Overdiagnosis of thyroid cancer in the United States could be causing thousands of patients to receive costly and unnecessary procedures that won’t increase the quality or length of their lives.
The findings, published Tuesday by doctors at the Mayo Clinic, have prompted the researchers to recommend a new diagnostic term that could spare people with small throat tumors from surgery, medication and radiation that they might not need.
The rapid expansion of high-tech imaging has identified thyroid lesions that once went undetected — and fueled a tripling in the diagnosis of thyroid cancer in the United States over the past 30 years. But the increases in diagnoses and treatment haven’t changed the death rate from thyroid cancer, leading the researchers to question whether the effort is wasted on patients who could lead healthy lives without medical intervention.
“This is exposing patients to unnecessary and harmful treatments that are inconsistent with their prognosis,” said Dr. Juan P. Brito, a Mayo endocrinologist in Rochester.
In a British Medical Journal article released Tuesday, Brito and colleagues argued that people with common “papillary” thyroid tumors smaller than 20 millimeters and no family history of thyroid cancer should be diagnosed with a new term — “micropapillary lesions of indolent course,” or microPLICs.
Giving these lesions a label other than cancer would lead more doctors and patients to simply wait to see if they grow or cause symptoms. Absent those problems, patients could avoid treatments that can include surgical removal of some or all of the thyroid gland and the consumption of radioactive iodine that targets and kills thyroid cells, including cancer cells.
Many patients who undergo surgery need lifelong medication to compensate for the loss of the thyroid, a butterfly-shaped gland in the throat that regulates the release of hormones that control growth, energy, mood, body temperature and other functions.
“Once you remove the label of cancer, you actually can reframe the care of these patients,” Brito said. “Many patients will still probably opt to have surgery, but we feel a number of patients will be attracted to the option to just watch it and wait.”
Lesions may not be fatal
While thyroid cancer isn’t as common as cancers of the breast, lung or colon, it is the third-fastest-growing cancer in terms of the rate of diagnosis. The problem is similar to the overdiagnosis of prostate cancer based on PSA blood tests that can be misleading.
Autopsies have found patients who died of heart disease or other ailments and had tumors in their thyroid glands or prostates that never caused problems.

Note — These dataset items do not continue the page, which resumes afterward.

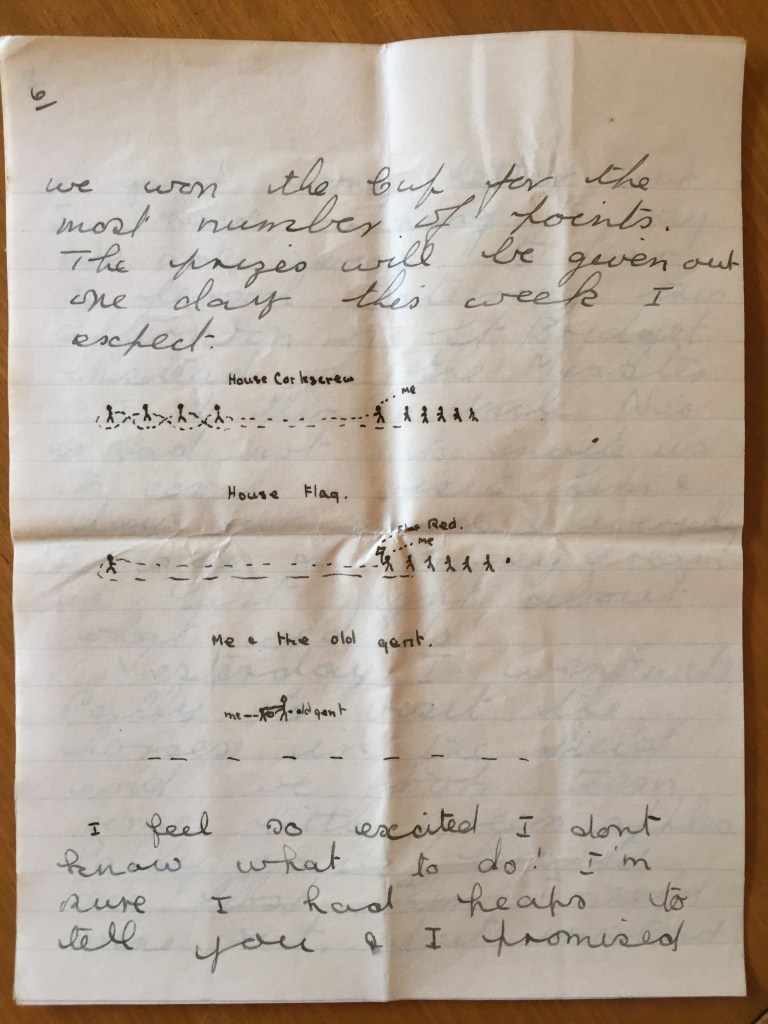 We’ve just run off the Sports Heats but I didn’t go in for any because I had to be a senior and there weren’t any nice ones. But you know I’ve been put into St. Georges, the Red House, and I’ve been chosen for one of the first six in the Relay Race, a great honour for little me.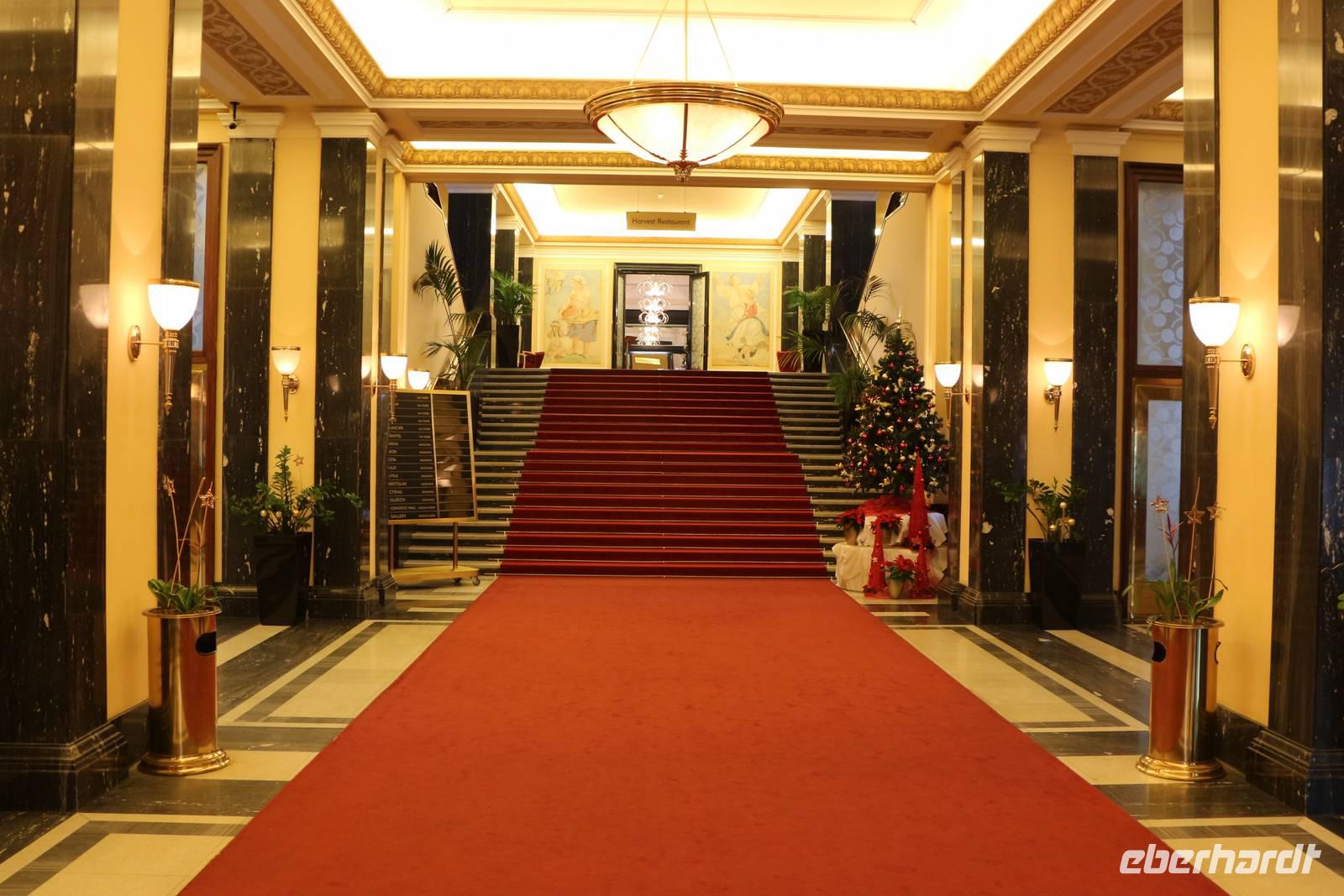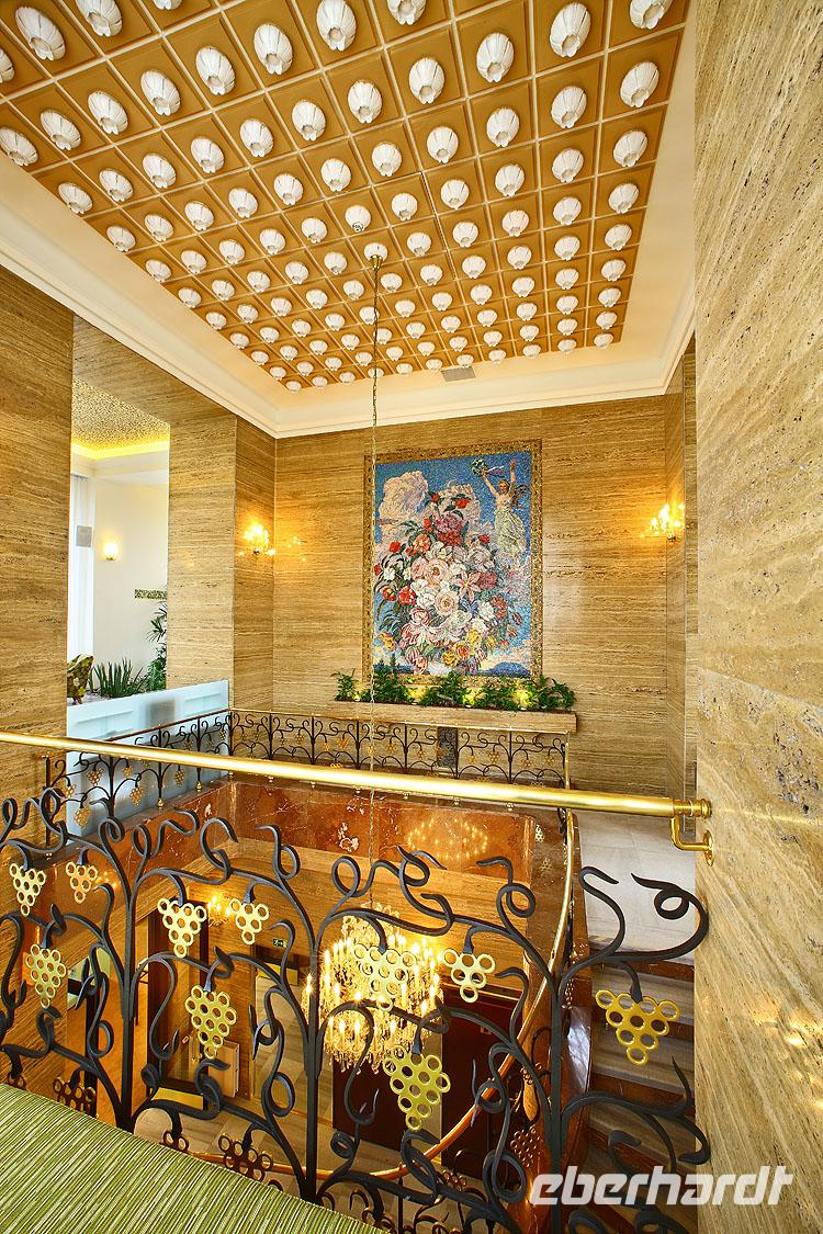 Vor allem die Inneneinrichtung in den öffentlichen Räumen, Sälen und Restaurants ist bis heute im orignalen Stil erhalten. Hochwertige Materialien und Kunstwerke aus Marmor, Kristall, Glas und Schmiedeeisen schmücken die Innenräume. Besonders beeindruckend sind die Mosaike, Wandteppiche, Lampen und Kronleuchter, die überall zu entdecken sind. Selbst wenn man hier nicht wohnt, ist das Hotel eine Besichtigung wert!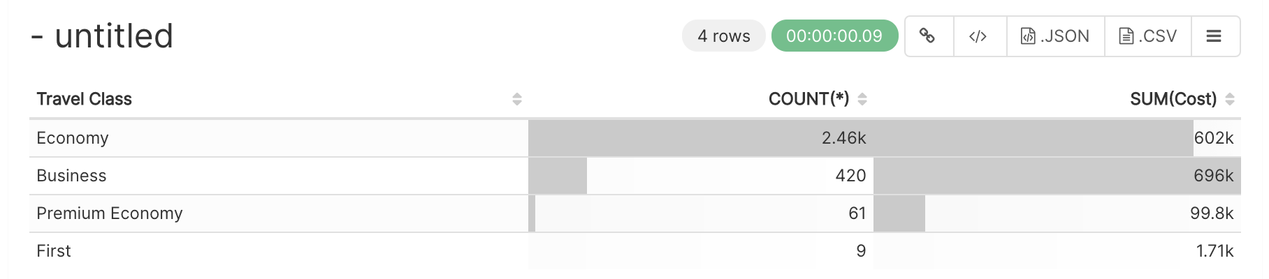 In this section, we'll create a table visualization to show the number of flights and cost per travel class.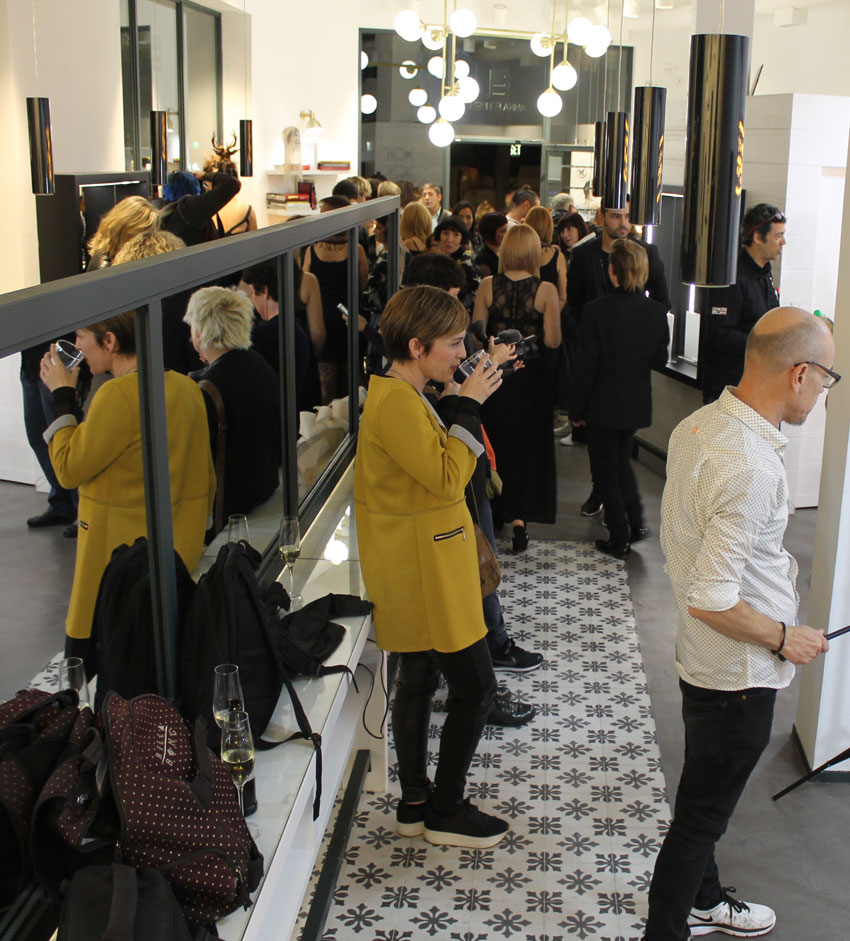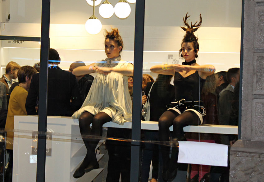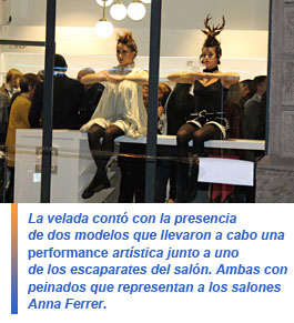 Más de 150 invitados, entre estilistas como el emblemático Marcel Montlleó, famosos como la actriz Mariona Ribas y miembros de la prensa especializada, por citar algunos, se acercaron a la nueva peluquería Anna Ferrer. La velada contó con la presencia de dos modelos que llevaron a cabo una performance artística junto a uno de los escaparates del salón. Una de las modelos lucía uno de los tocados que más ha posicionado a los salones Anna Ferrer a nivel internacional. Se trata de una cabeza de ciervo a base de cabello natural de una colección elaborada para la firma Wella. La otra modelo llevaba un peinado más actual, inspirado en una colección inspirada en los nómadas. Ambas modelos pretendían transportar a los presentes a "un mundo imaginario", en opinión de Ferrer.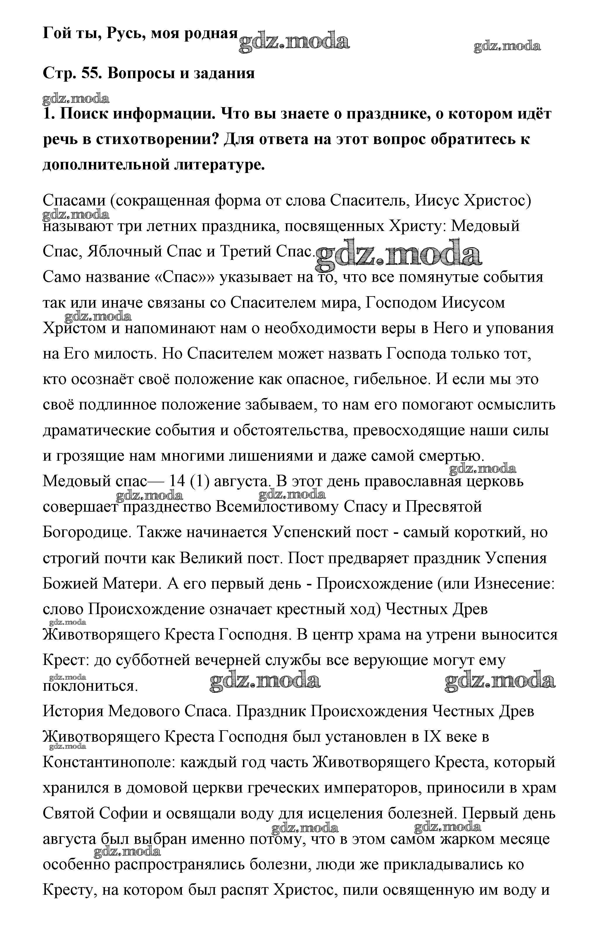 ОТВЕТ на задание № страница 55 Учебник по Литературе 5 класс Чертов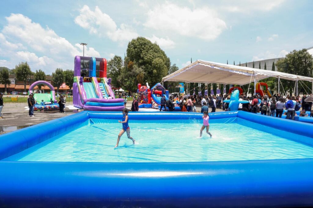 Detalló que se encuentran instaladas albercas, inflables, pinta caritas, actividades artísticas, espectáculo de payasos y áreas de juego, todo con acceso gratuito y es el tercer año consecutivo que se lleva a cabo.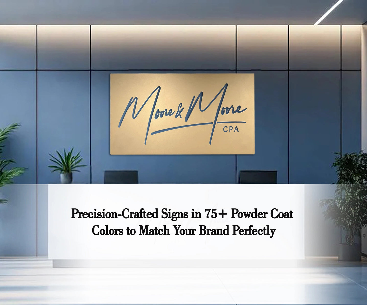 We offer over 75 vibrant powder coat color finishes to align your signage perfectly with your logo or interior decor. Every sign is laser-cut using high-end fiber laser technology, hand-sanded for a clean edge, and sealed with a durable clear coat to ensure a sleek finish that lasts.

International variations in rates of thyroid cancer suggest that the disease is overdiagnosed in the United States. There is no other ready explanation why the rate would have increased in the United States from about 6 cases per 100,000 people in 1985 to 11 cases per 100,000 in 2002, when the rates stagnated in Norway, Sweden and Japan.
A July study by New York cancer experts also found that diagnostic rates in the United States were higher for people with wealth and health insurance. A real increase in cancer would have likely transcended these economic demographics.
Doctors need to use more restraint in their use and interpretation of ultrasounds and high-tech imaging scans, and learn to differentiate harmful lesions from potentially harmless ones, said Dr. Otis Brawley, chief medical officer of the American Cancer Society, a national advocacy group.
“I’m not ready to say it’s time to start using that new term,” he said of Mayo’s proposal, “but I am ready to say it’s time to start considering it. Many doctors don’t realize this is a huge problem.”
Apart from waiting and watching, doctors have alternatives such as surgically removing lesions without prescribing the radioiodine treatment, or using laser ablation to shrink them.
Wait it out?
Susan Evans of St. Paul, who underwent treatment last year to remove a lesion in her thyroid gland, said the overtreatment problem might, in part, reflect doctors not talking enough with one another about options before passing along test results or recommendations.
More coordination between the ear, nose and throat specialists, endocrinologists and other physicians might produce a more cautious treatment plan, she said.
“If they were to work a little more hand in hand … in these cases, I think some people would be able to sit it out a little more,” Evans said.
Removing the cancer label might encourage more conservative treatments, but doctors would still need to be vigilant of small tumors, said Dr. Anders Carlson, an endocrinologist with HealthPartners in St. Paul.
“There definitely are instances where papillary thyroid cancer is quite aggressive and does spread and does cause quite a burden of disease,” he said. “So I think you have to be a little bit careful. You don’t want the pendulum to swing too far the other way.”